Stock Market

BOJ to keep policy tight, hint at more rate hikes to come via Reuters

Written by Leika Kihara

TOKYO (Reuters) – The Bank of Japan is expected to keep monetary policy steady on Friday, but signaled its confidence that strong wage growth and spending will allow the central bank to raise interest rates again in the coming months.

Such hawkish communication would contrast with many other central banks now transitioning into a rate-cutting cycle, including the US Federal Reserve, which announced a major cut in borrowing costs on Wednesday.

The split could cause market turmoil on expectations of a narrowing of the US-Japan interest rate differential that has already helped the yen recover to around 143 against the dollar, from a near-decade low of 161.99 in early July.

Markets are focused on any hints from Governor Kazuo Ueda on the timing and pace of future rate hikes at his post-meeting news conference.

“Having recently raised rates in July, the BOJ may choose to closely monitor market developments for the time being,” said former BOJ chief Nobuyasu Atago.

“It's natural to think the next rate hike will come in December” so the BOJ can gauge the impact of Fed rate cuts and political events such as Japan's ruling party leadership race and the US presidential election, he said.

At a two-day policy meeting that concludes on Friday, the BOJ is widely expected to keep short-term interest rates steady at 0.25%, and maintain its view that the economy will continue to recover moderately as rising wages support consumption.
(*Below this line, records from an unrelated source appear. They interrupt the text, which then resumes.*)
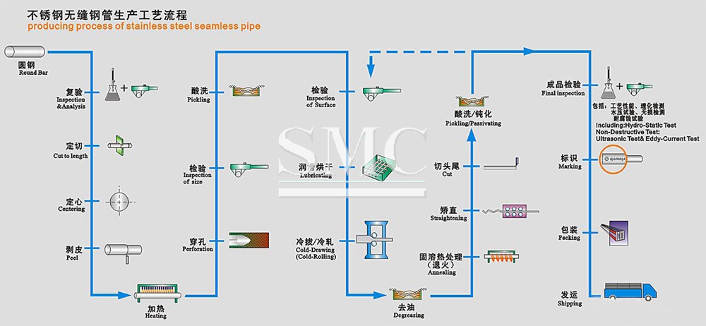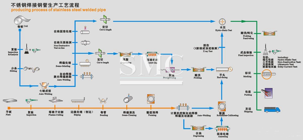 Manufacturing Process of Stainless Steel Pipes/Tubes:
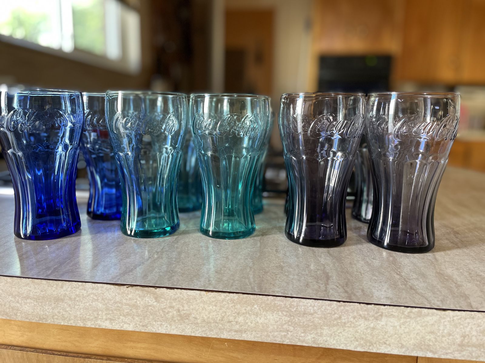13 ounce durable glasses. 3 blue, 4 green and 4 purple. Each for $5.00 or all for $45. Great buy. OBO
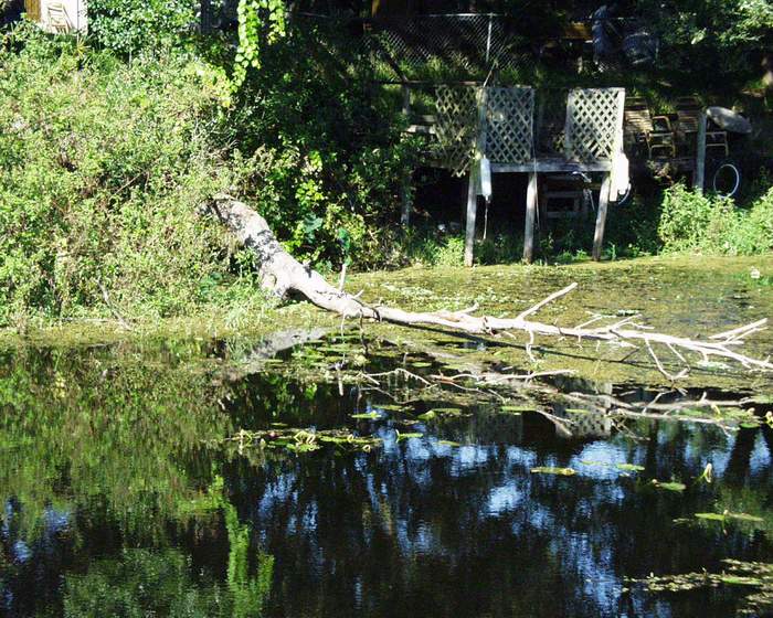 The left-hand post is the one from the picture above. Note the log coming down into the water across the canal between the two posts. |

Most economists polled by Reuters expect the BOJ to raise rates again this year with many betting on a December hike. No one in the survey indicated a rate increase this month.

The BOJ ended negative interest rates in March and raised short-term rates to 0.25% in July, in a historic shift away from a decade-long stimulus program aimed at ending monetary policy.

Governor Ueda emphasized the BOJ's readiness to raise rates further if inflation remains on track to firmly reach its 2% target, as the board is currently doing.

Consumer inflation reached 2.8% in August to accelerate for the fourth consecutive month, data showed on Friday, keeping alive expectations for an interest rate hike.

An opportunity to test the data against cautious speculation will come at the BOJ's Oct. 30-31, where the board will make a quarterly review of its forecasts.

Japan's economy grew by an annualized 2.9% in April-June and real wages rose for two straight months in July, easing fears that rising costs of living will dampen spending.

But soft demand in China, slowing US growth and the yen's recent rebound are clouding the outlook for the export-reliant country.

Market volatility remains a key concern for BOJ policymakers after July's rate hike and hawkish remarks from Ueda triggered a stronger yen and a sharp drop in inflation.

Several BOJ policymakers have called for a closer look at market movements in setting policy. But they reiterated that the bank is determined to continue raising rates, with one hawkish board member saying that short-term rates should eventually rise to around 1%.